Ironically this is ignoring evidence

I didn’t start the fire. I placed a wooden foundation for a home and the vocal opposition lit it on fire.

It already is with exception to the scripts section. This was implemented for a few reasons in the beginning. Their threads are out there.

You’re right. I have crashed out. My patience ran thin and continues to run thin.
I’ve realized the people arguing with me can’t be helped. Their dogma runs deep and they will not listen to evidence. Even when I point it out they goalpost and change the parameters and claim im the one not listening.

Against my own wishes I think it’s best I don’t allow this discussion to continue further for my mental health, to cease uncivil discussion, and because it’s clear to me this thread doesn’t service any other purpose than letting myself and others complain in circles.

I see someone is typing so I’ll let them finish their post and I’m closing the thread.

This is a matter of opinion you keep positioning as fact.

I asked for evidence regarding your conjecture. You said you cannot provide it without doxxing, which is entierly correct and valid. The point was rhetorical. You cannot supply evidence of accomplishment, only conjecture that you think it accomplishes things. You covered a threat mdoel which is not the same as a threat model ever being leveraged.

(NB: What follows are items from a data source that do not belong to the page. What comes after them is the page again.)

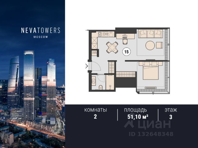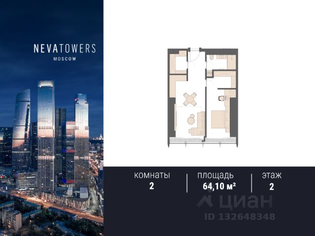 Премиум-апартаменты со скидкой 25% (указанная цена уже включает скидку) Один из последних эксклюзивных апартаментов в жилом комплексе Neva Towers в Москва-Сити. Беспроцентная рассрочка от застройщика от 3 до 24 месяцев. Есть возможность возврата НДС Предлагается апартамент с готовой отделкой в сданном и заселённом комплексе. Пространство полностью готово к проживанию, включая финишную отделку, установленную кухню с техникой и оборудованный санузел Площадь - 64,10 м², 2 этаж! Neva Towers — единственный жилой комплекс в Москва-Сити с собственным парком на уровне 4 этажа. Инфраструктура парка включает: • открытый бассейн • шезлонги и лаунж-зоны • детскую площадку • прогулочные и спортивные зоны (йога, места для отдыха и загара, открытая воркаут зона и др.) Расположен на 1-м Красногвардейском проезде. Комплекс имеет: • огороженную и приватную территорию • уникальный сквозной проезд к башням — без пропусков и препятствий • зону быстрой посадки/высадки • многоуровневый паркинг для жителей и гостей Neva Towers полностью заселён. Комплекс предоставляет инфраструктуру уровня премиального отеля: • фитнес-клуб с бассейном и открытым джакузи • SPA-зоны, закрытый кинозал • рестораны и кафе (Кофемания, Ivanka, TimeLess, Bluefin и др.) • химчистка, аптека, private bank, салон красоты и многое другое Готовое пространство в одном из самых престижных и инвестиционно привлекательных жилых комплексов Москвы. Остались единичные предложения."
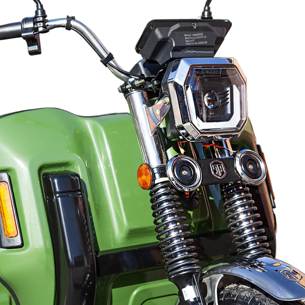 Грузовой электротрицикл Rutrike Маяк 1600 60V1000W зеленого цвета - это надежное и эффективное транспортное средство для перевозки грузов. Его мощность, грузоподъемность и барабанные тормоза делают его отличным решением для различных бизнес-потребностей.
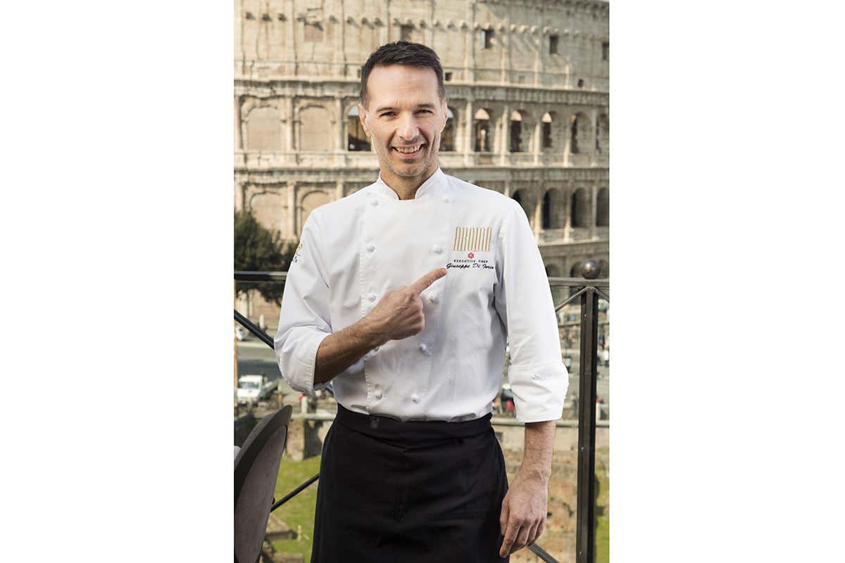 Roma a portata di mano. Più di così non si può, con il Colosseo che sembra parte integrante del locale. Siamo a Palazzo Manfredi, cinque stelle capitolino dove dal 2010 Giuseppe Di Iorio guida il ristorante stella Michelin “Aroma”. Dodici anni da vertice, con alle spalle un curriculum siderale. Dopo la scuola alberghiera a Roma, muove i primi passi nel Ristorante Margutta. Ma gli orizzonti vanno allargati: si devono fare nuove esperienze. Eccolo quindi a Londra all’Hyde Park Hotel. Il ritorno nella Capitale lo vede ormai specializzato nell’alta ristorazione alberghiera e approda ad insegne autorevoli come Hotel Inghilterra e Parco dei Principi. Nel 2005 è al ristorante Mirabelle dell’Hotel Splendide Royal, dove la sua linea di cucina si consolida per poi definirsi in oltre un decennio di alto profilo nelle cucine di Aroma. Fino all’ultimo riconoscimento che è stato un po’ la consacrazione del pubblico: il 14° sondaggio “Personaggio dell’anno dell’enogastronomia e dell’accoglienza - Premio Italia a Tavola” lo ha visto trionfare nella categoria “Cuochi”.
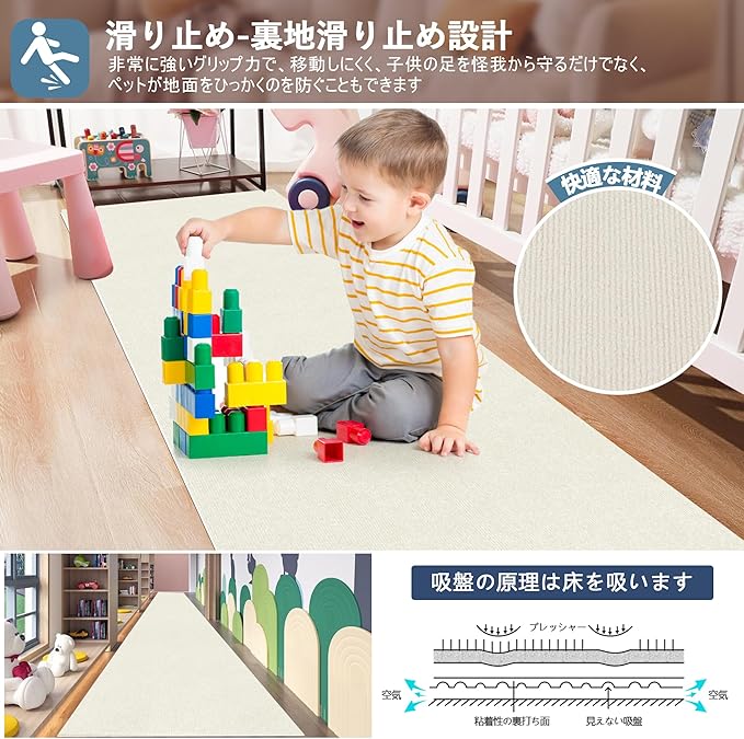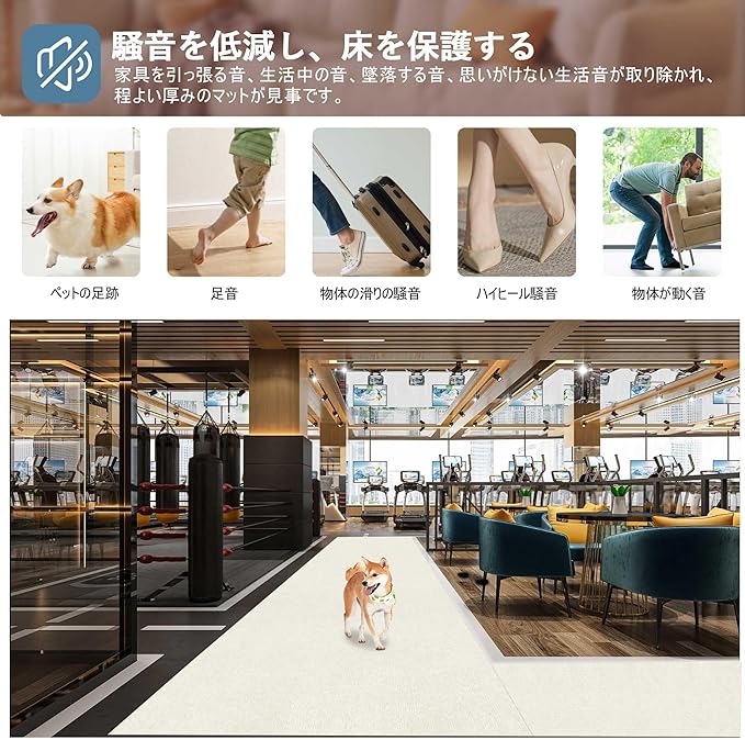 【床保護&防音】廊下保護マットは高密度素材で床のキズ・擦り傷・汚れを防止するとともに、足音や物音を最大60%低減。特殊クッション層が床への衝撃を吸収し、滑り止め加工で安全性も確保した多機能マットです。廊下はもちろん階段やリビングなど、様々な場所でお使いいただけます
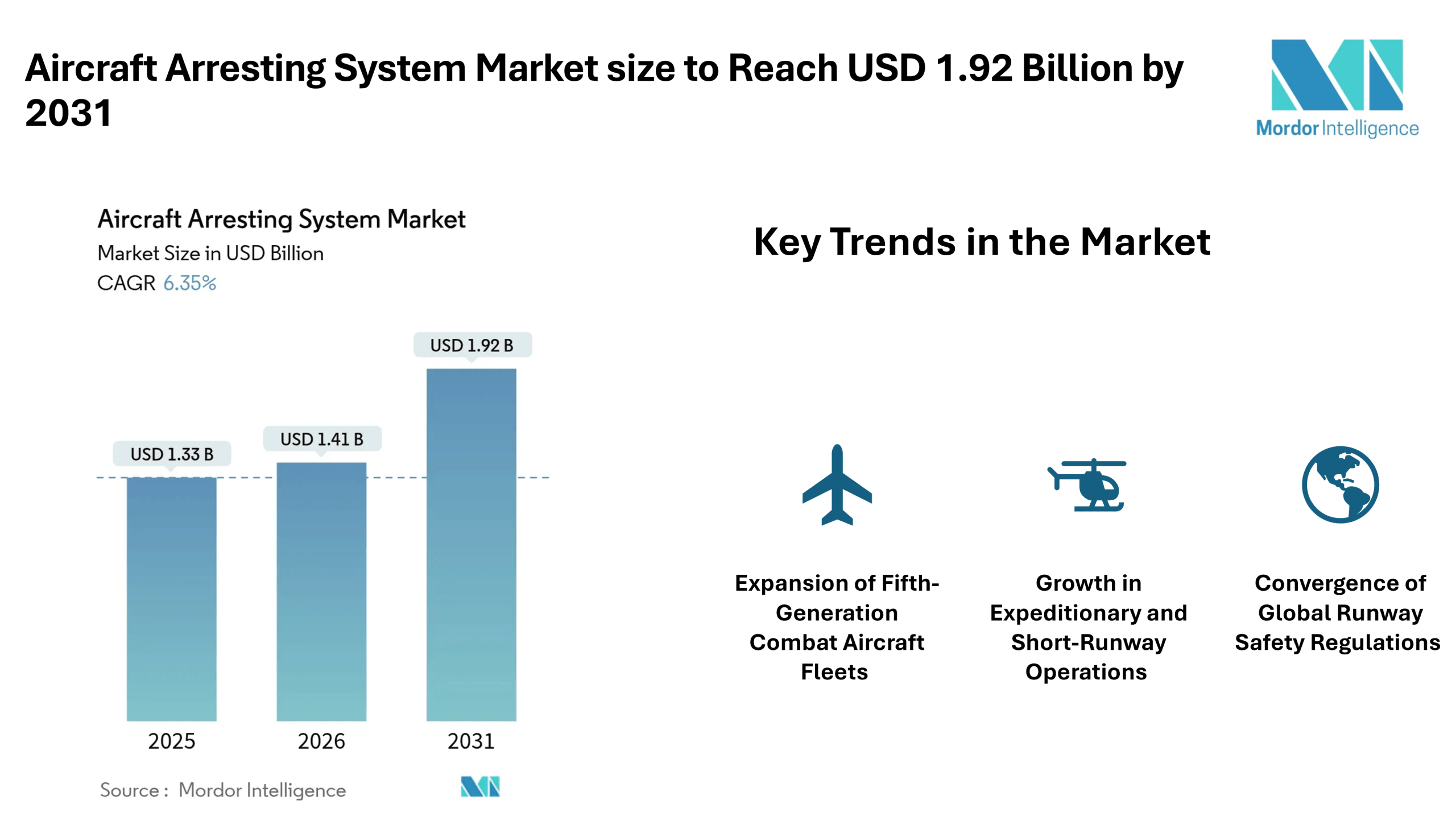 According to Mordor Intelligence, the aircraft arresting system market size was valued at USD 1.41 billion in 2026 and reach USD 1.92 billion by 2031, registering a CAGR of 6.35% during the forecast period. The aircraft arresting system market size is supported by rising investments in advanced fighter aircraft, aircraft carrier modernization programs, and stricter runway safety requirements across commercial airports.

You could encase your entire home in a steel box to prevent invaders, but that’s probably not worth it if nobody ever tries to break into your house. You choose solutions that make sense for the level of security you really need, not the level of security you think you might need.

No. You decided unilaterally to enforce a change without consulting if the community agreed with the change at large. You think you know better whether it’s worth it for everyone at not because you have the technical background to know that it is technically better, and you undervalue the less technical elements that are the problems/friction involved, again, in part biased around your background.

Making unilateral change is what was lighting the fire.

Now you have a good reason to change it to not having scripts be required. It seems like a very easy solution that makes most people happy. I’m not sure why it was restricted, so I just assumed it was for good reason, but if there’s no other good recourse here for change it’s the next best step to some of us.

People don’t care what you think is better on a technical level or how right you are about security. All that matters is the experience is worse and it’s not worth it to them for the tradeoff. You seem to view this as a problem with education when it’s really a problem of differing priorities. People don’t need to be helped. They want you to get out of their way.

This didn’t happen. What happened is I inserted a qualifier that everyone else has implicitly been stated, explicitly, because it seems like you missed it, or just ignored it because you don’t agree with it. Either way, the point was rhetorical.

Discussion would remain more civil if your goal was to make as many people happy as you could rather to enforce your dogma on everyone. It’d also help if you didn’t use thinly veiled insults on people because you see their knowledge as inferior, as others have pointed out.

People want to enjoy coming here. They aren’t coming here to torture you, they just want to use the site seamlessly.